En troisième lieu, l’économie chinoise connaît une décélération significative par rapport à ses performances des décennies précédentes, ce qui réduit son rôle de moteur de la croissance mondiale. Après 40 ans de croissance fulgurante, avec une moyenne de 9,5 % sur la période 1980-2019, ce rythme devrait tomber en dessous de 5 % en moyenne. Ce ralentissement est dû à de nombreux facteurs structurels, notamment des vents contraires démographiques, une baisse de la croissance de la productivité, des niveaux d’endettement élevés, un ralentissement du rythme des réformes structurelles et la menace croissante d’une fragmentation géoéconomique. Compte tenu de l’importance de l’économie chinoise pour la croissance des pays méditerranéens par des canaux directs et indirects, le ralentissement de la Chine représente un défi important pour les années à venir.

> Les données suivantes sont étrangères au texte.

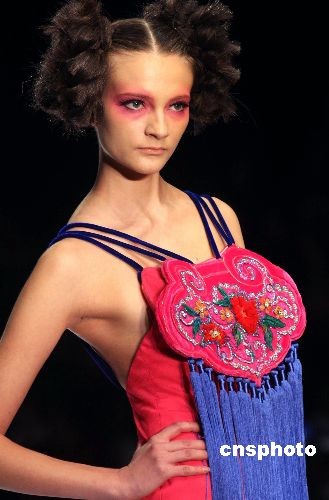 11月7日晚,中國(guó)國(guó)際時(shí)裝周上推出中國(guó)臺(tái)灣著名設(shè)計(jì)師蔡美月婚紗專(zhuān)場(chǎng)秀,蔡美月多年以來(lái)堅(jiān)持不抄襲、仿冒,不局限于華麗的范疇,融入更多時(shí)裝化概念,將時(shí)尚流行色彩、線條剪裁和婚紗結(jié)合。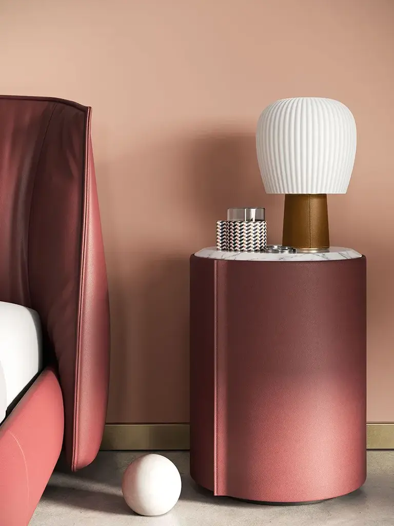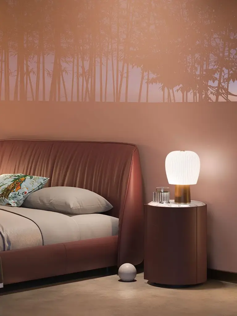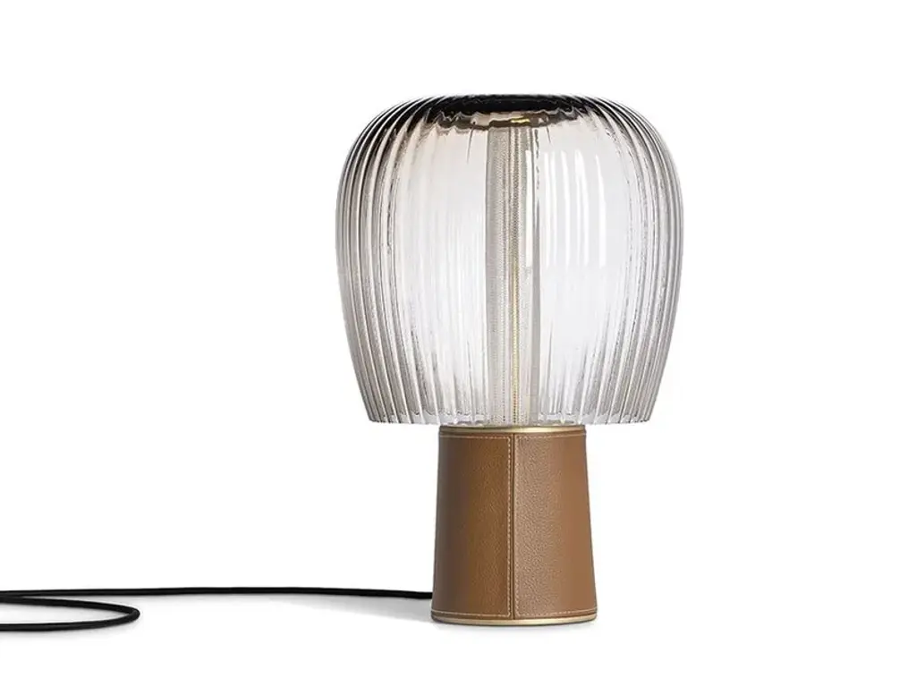 The Nymph family of table lamps designed by Sebastian Herkner is inspired by the namesake female deities of Greek mythology: personifications of nature at the service of humans. Based on the notion of a gentle presence accompanying people’s daily lives, comes a blown glass lamp featuring a finely pleated shade, seemingly floating weightlessly atop the leather-covered base. A button set into the lampshade is an ode to the classic leather “button” characteristic of Poltrona Frau upholstery. When lit, the light transforms into a graceful light sculpture of sorts. The Nymph lampshade is a one-off piece made of blown glass with ribbed workmanship, available in various finishes. The light fixture is made of a cylindrical tube housing a LED module in its base. The textured surface of the cylinder lends the light a distinctive visual effect. The base, with its tapered silhouette, is upholstered in Pelle Frau® ColorSphere in a selection of colors, featuring contrast stitching and brass metal details. The lamp is available in a small or medium size.A bronze touch button is used to turn it on and off, while a modulating dimmer function is used to control the light and adjust its intensity. USB charging, 18W 3000K LED board and 25W power.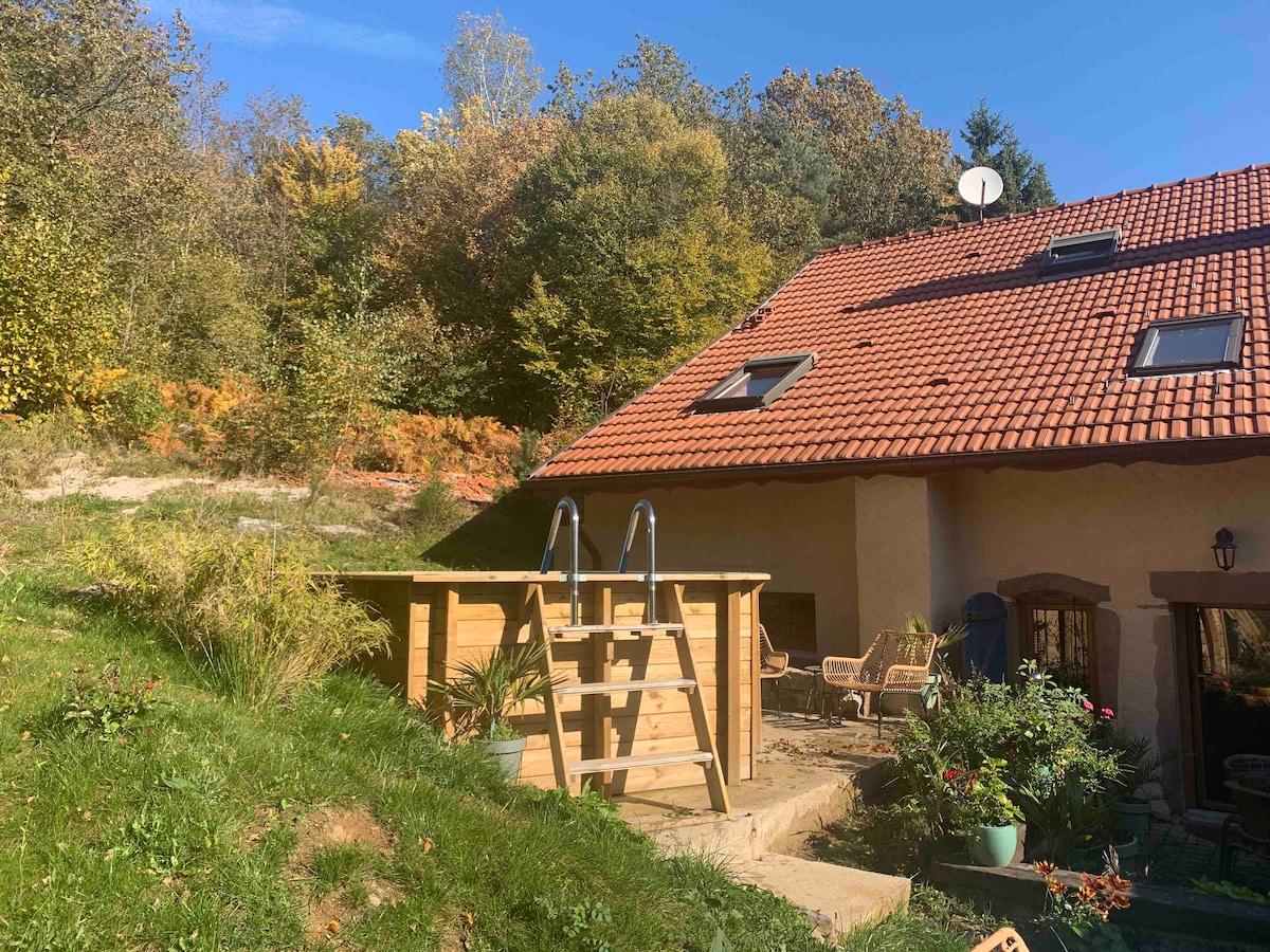 From Geishouse, a mountain village in the Ballon des Vosges Regional Park 750 m away, you can visit Alsace, hike or simply relax on site. This semi-buried and comfortable cabin offers stunning views of the village and natural landscape. It opens entirely onto your private terrace in the beautiful flower garden. All year round you will enjoy the many spaces of the garden and in summer the shade of the large trees at the edge of the natural pond.
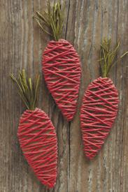 Nyní začněte mrkev pevně obtáčet vlnou všemi směry. Po obmotání zasuňte konec vlny pod navinutá vlákna.

Enfin, le ralentissement généralisé de la croissance de la productivité dans les pays émergents devrait se poursuivre, ce qui pèsera encore sur la croissance économique. Selon les estimations de la Banque mondiale, la productivité dans la zone euro a augmenté à un taux moyen de 2,2 % au cours de la période 2000-2010, et a ralenti à 1,6 % au cours de la période 2011-2021. Cette tendance va se consolider, la croissance moyenne de la productivité tombant à 1,4 % au cours de la période 2022-2030. Le ralentissement de la croissance de la productivité est dû à divers facteurs, notamment la décélération de la croissance de la population en âge de travailler et du niveau d’éducation, et un écart de productivité plus faible avec les économies avancées, ce qui implique un processus de « rattrapage » plus faible. En outre, la capacité des économies européennes à tirer parti de l’intelligence artificielle pour inverser le déclin de la croissance de la productivité est très incertaine.

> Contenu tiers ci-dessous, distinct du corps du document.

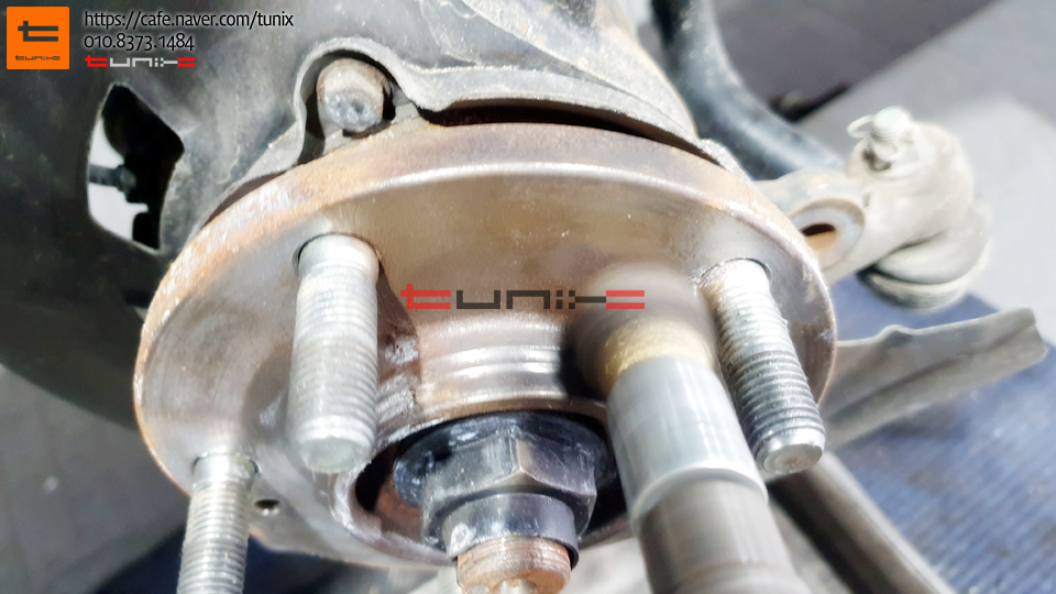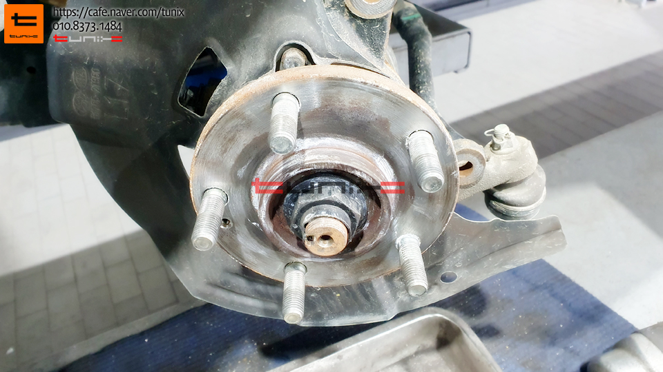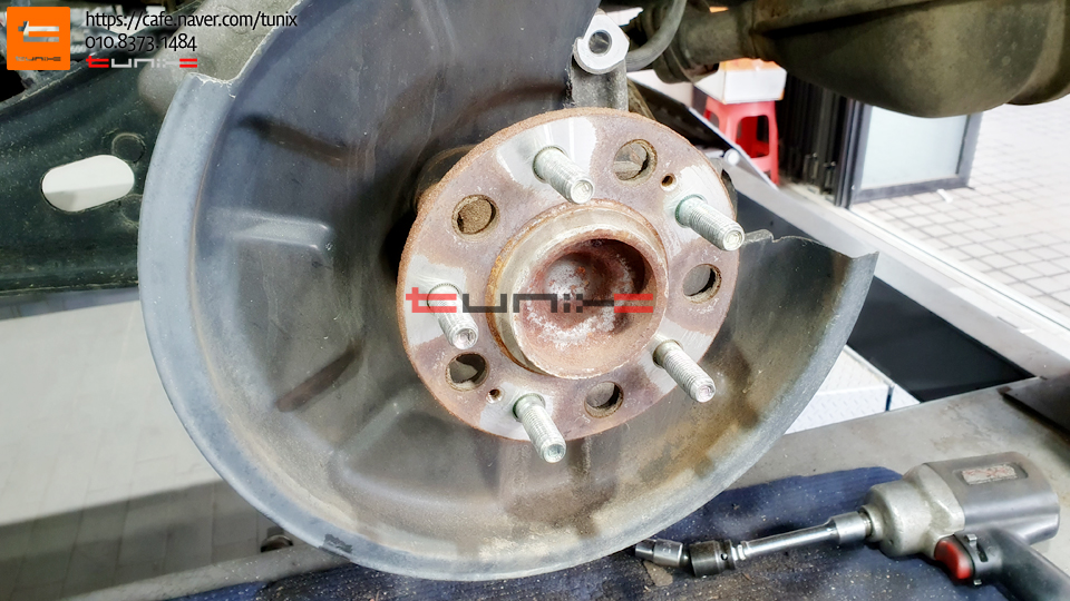순정 브레이크를 탈착후 허브에 녹을 깨끗히 제거해줍니다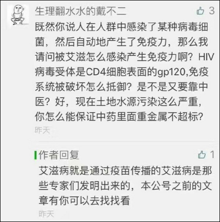 网友用艾滋病来反驳他的观点,作者说艾滋病是专家发明的,是通过疫苗传播的……

Dans l’ensemble, après deux décennies de performances exceptionnelles, la croissance des pays émergents continuera à se ralentir dans les années à venir, compte tenu des vents contraires importants dus à l’affaiblissement de la croissance de la productivité et de l’investissement, à la décélération à long terme de l’économie chinoise et à la stagnation du commerce mondial. Cette situation place la barre très haut pour les réformes structurelles dont les pays en développement ont besoin pour poursuivre leur processus de rattrapage des économies avancées.